We can reverse this operation by applying the operations in the reverse direction, so "+" for "-" and vice versa. The only tricky part is the modulo operation % (0x7e - 0x20 + 1) -> %95, but after some thinking around one can realize that most probably the flag is made up of human-readable ascii characters, and this operation will only apply to those characters with a value smaller than 32: we can work around this by simply adding 95 to these characters:

```python
def decrypt(key, s):
    plaintext = ""
    for i in range(len(s)):
        char_value = ord(s[i]) - ord(key[i % len(key)]) + 0x20

    if(char_value < 0x20):
        char_value += 95
    
    plaintext += chr(char_value)
return plaintext
```

Applying this function to the AES deciphered text with the key that was used for the encrypt function:

```python
print(decrypt(key1, ciphertext_2))
```

we get back the flag: SECCON{Success_Decryption_Yeah_Yeah_SECCON}

### Technical details

AES ECB mode:

![aes_ecb.png](seccon/aes_ecb.png)

[https://upload.wikimedia.org/wikipedia/commons/thumb/d/d6/ECB_encryption.svg/600px-ECB_encryption.svg.png]

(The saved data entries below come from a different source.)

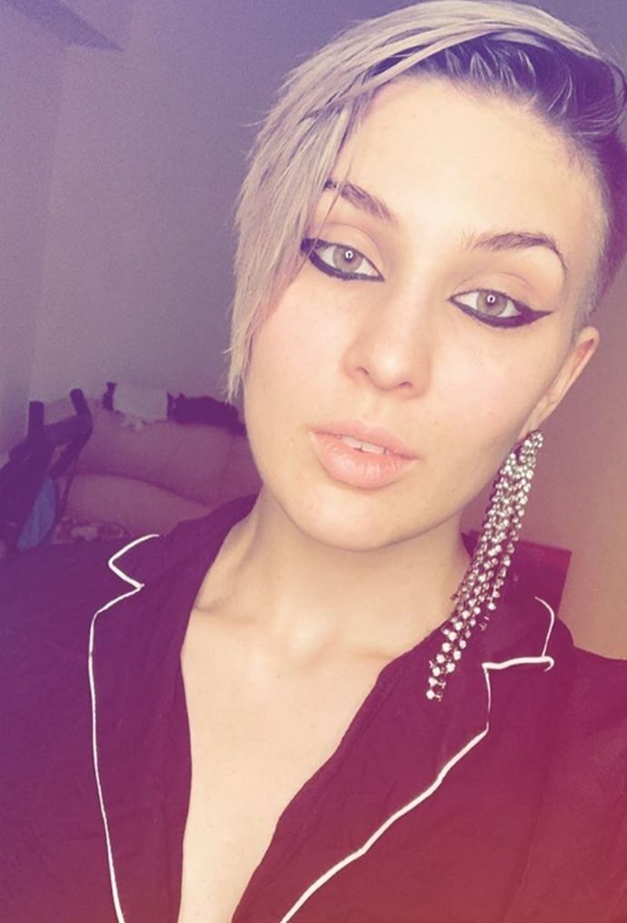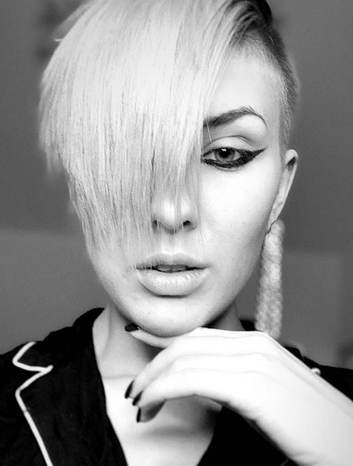 На других фото она уже с короткими платиновыми волосами.
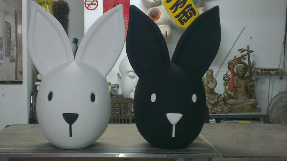 保麗龍雕塑,佈置陳列,FRP道具製作,櫥窗,立體造型,記者會活動道具 0937249884 黑白兔~~人穿偶 |
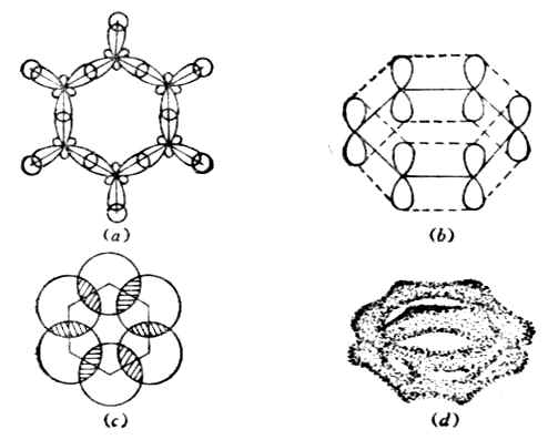多年来,人们对于苯提出了多种构造式,但还没有一种能比较完善地表示它的结构。 经过现代物理方法的研究,证明苯分子中的六个碳原子都是sp3杂化的。每个碳原子各以两个sp2杂化轨道分别与另外两个碳原子形成C-Cσ键。这样六个碳原子构成了一个正六边形的环状结构。每个碳原子上的另一个sp2轨道,其电子云的对称轴在正六边形的平面上,这个sp2杂化轨道与氢原子的1s轨道,其电子云的对称轴在正六边形的平面上,这个sp2杂化轨道与氢原子的1s轨道形成C-Hσ。因此苯人子中的所有原子都在一个平面上,键角都是120°[图12-(a)],每个碳原子还有一个未参与杂化的pz杂化轨道[图12-(b)],它的对称轴垂直于此平面,能与相邻的两个碳原子上的pz轨道分别从侧面平行重叠,形成了一个闭合的共轭体系[图12-5(c)],在这个体系中,环上有六个碳原子和六个π电子,离域的π电子云完全平均化,体系能量低,比较稳定。π电子云成两个轮胎状[图12-5(d)],均匀分布在苯环平面的上下两侧。苯分子中的碳-碳键长也完全平均化,都是0.1393nm。这种具有6π电子闭合共轭体系,使得苯环具有高度的对称性和特殊的稳定性。由于形成了闭合共轭体系,无单、双键之分,故苯的邻位二元取代物只能有一种。
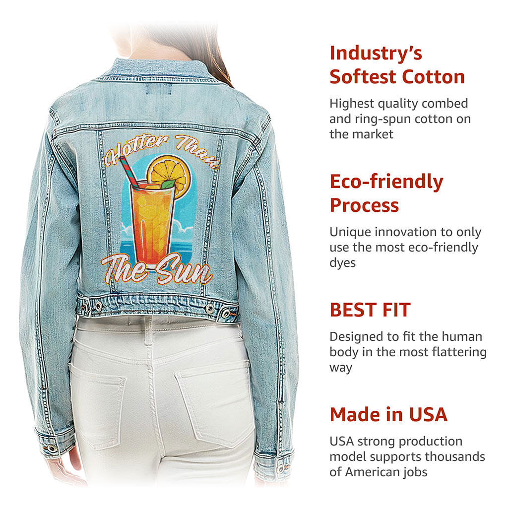 Summer Design Cropped Ladies’ Denim Jacket – Cute Women’s Denim Jacket – Printed Denim Jacket

This mode of operation is easily reversible, as there is no IV used and the steps are not chained.



## Sandstorm

**category**: misc, steg

**description**:

I've received a letter... Uh, Mr. Smith?

![sandstorm.png](seccon/sandstorm.png)

___

### Recon + solution

We receive a strange image, we should find a hidden message. The description reveals us, that we should work with some kind of steganography method. After trying around with Stegsolve and https://georgeom.net/StegOnline/ I did not find anything. But the image itself looks very unusual, maybe there's something in the noise. I tried different noise reduction and enhancement filters in gimp, but I only received even blurrier images. After a talk presented on 10.12.2019 I became aware that one should look into the description and not necessarily in the image itself first. The text "My name is Adam" reveals the underlying algorithm.

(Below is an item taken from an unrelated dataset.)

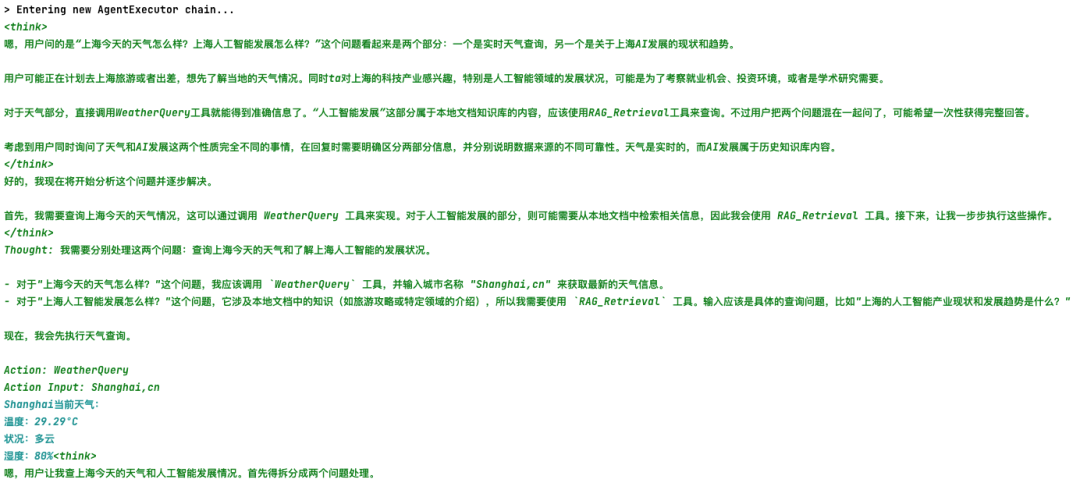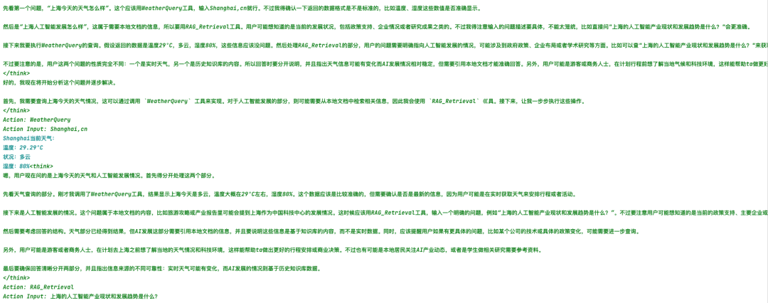 例:用户一次问两个问题:1)上海天气情况,2)上海人工智能发展如何。AI agent思考用调用天气网站API回答第一个天气问题;思考用Rag知识库回答第二问题AI发展如何,如Rag知识库中没有检索到相关知识,最后智能基于DeepSeek本地部署大模型去回答用户问题
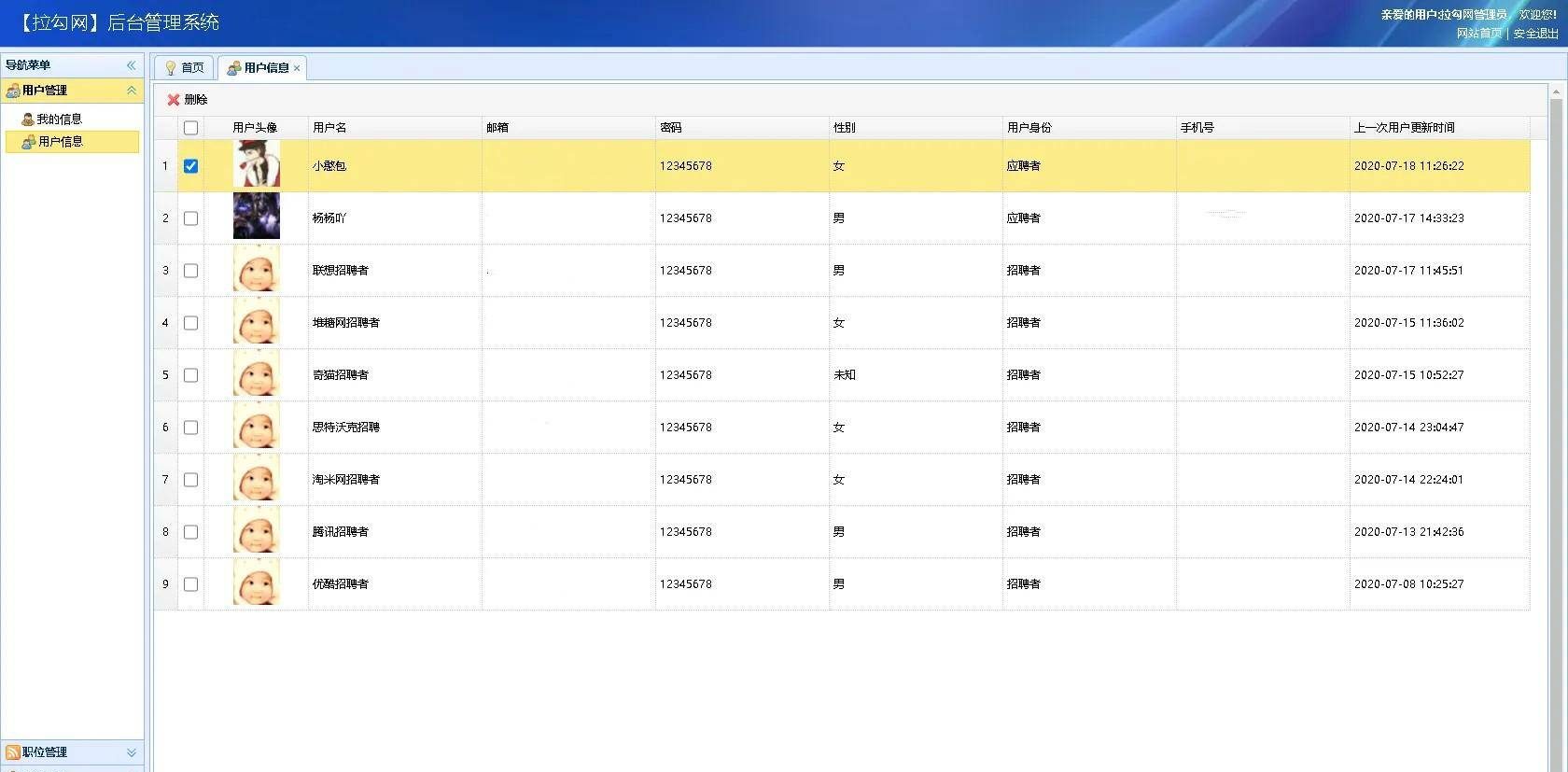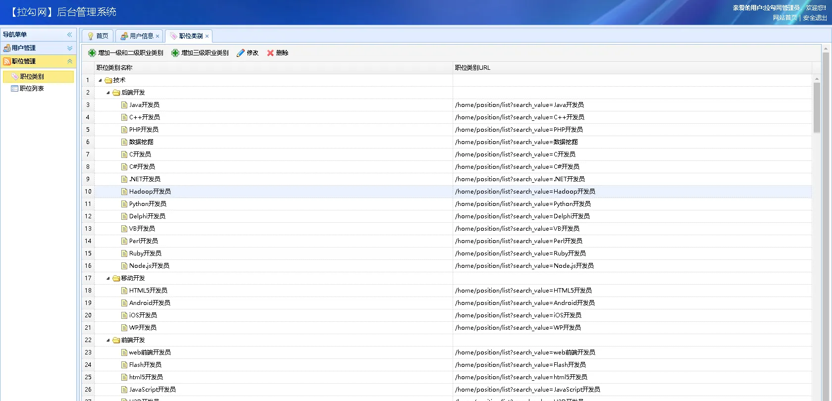 除此之外,该项目还附带后台管理功能,管理员可以登录后台管理系统,进行职位类别添加、管理用户信息、通过审核来更改公司、职位的状态等等。

We are dealing with the Adam7 steganography algorithm, which has 7 passes as the name shows. To even numbered levels some unusual asymmetric rules apply, but the levels 1, 3, 5 can be easily reached with the application of matrix operations.

```python
import cv2
import numpy

image = cv2.imread('./sandstorm.png')

for level in range (1,4):
    image = image[0::2,0::2]
    filename = "level_" + str(7-level*2)
    cv2.imwrite(filename + '.png', image) 
```

On level 1 we find a QR-code, which resolves to the flag: 

![key.png](seccon/key.png)

SECCON{p0nlMpzlCQ5AHol6}

### Technical details

Adam7 interlacing algorithm:

> Adam7 is an interlacing algorithm for raster images, best known as the interlacing scheme optionally used in PNG images. An Adam7 interlaced image is broken into seven subimages, which are defined by replicating this 8×8 pattern across the full image.

```
1 6 4 6 2 6 4 6
7 7 7 7 7 7 7 7
5 6 5 6 5 6 5 6
7 7 7 7 7 7 7 7
3 6 4 6 3 6 4 6
7 7 7 7 7 7 7 7
5 6 5 6 5 6 5 6
7 7 7 7 7 7 7 7
```

[https://wikivisually.com/wiki/Adam7_algorithm]

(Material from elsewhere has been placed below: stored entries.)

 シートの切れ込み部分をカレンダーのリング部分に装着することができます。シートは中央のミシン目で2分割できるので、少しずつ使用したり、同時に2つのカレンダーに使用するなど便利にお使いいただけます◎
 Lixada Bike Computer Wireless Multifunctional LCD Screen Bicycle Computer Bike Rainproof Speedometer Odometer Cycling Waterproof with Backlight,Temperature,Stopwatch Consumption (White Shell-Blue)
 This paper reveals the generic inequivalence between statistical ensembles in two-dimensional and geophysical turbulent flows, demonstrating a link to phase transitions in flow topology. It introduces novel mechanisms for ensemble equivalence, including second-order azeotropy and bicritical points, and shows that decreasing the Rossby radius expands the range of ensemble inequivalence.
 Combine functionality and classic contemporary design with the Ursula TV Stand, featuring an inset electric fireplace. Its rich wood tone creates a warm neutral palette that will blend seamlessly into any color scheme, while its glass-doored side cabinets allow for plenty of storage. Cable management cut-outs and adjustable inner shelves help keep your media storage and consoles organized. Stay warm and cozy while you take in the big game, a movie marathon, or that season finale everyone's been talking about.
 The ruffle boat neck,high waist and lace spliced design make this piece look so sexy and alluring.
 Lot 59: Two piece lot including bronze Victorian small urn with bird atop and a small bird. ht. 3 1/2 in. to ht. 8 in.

The algorithm works with 8 x 8 rasters, this matrix represents which pixels are assigned to which levels. As mentioned in the solution part, the uneven numbered levels can be extracted with symmetrical and commutative matrix operations.

The fastest way to get to the first level would be to only take every 8th pixel horizontally and vertically.

### Lessons learned

- Look for clues in the task description!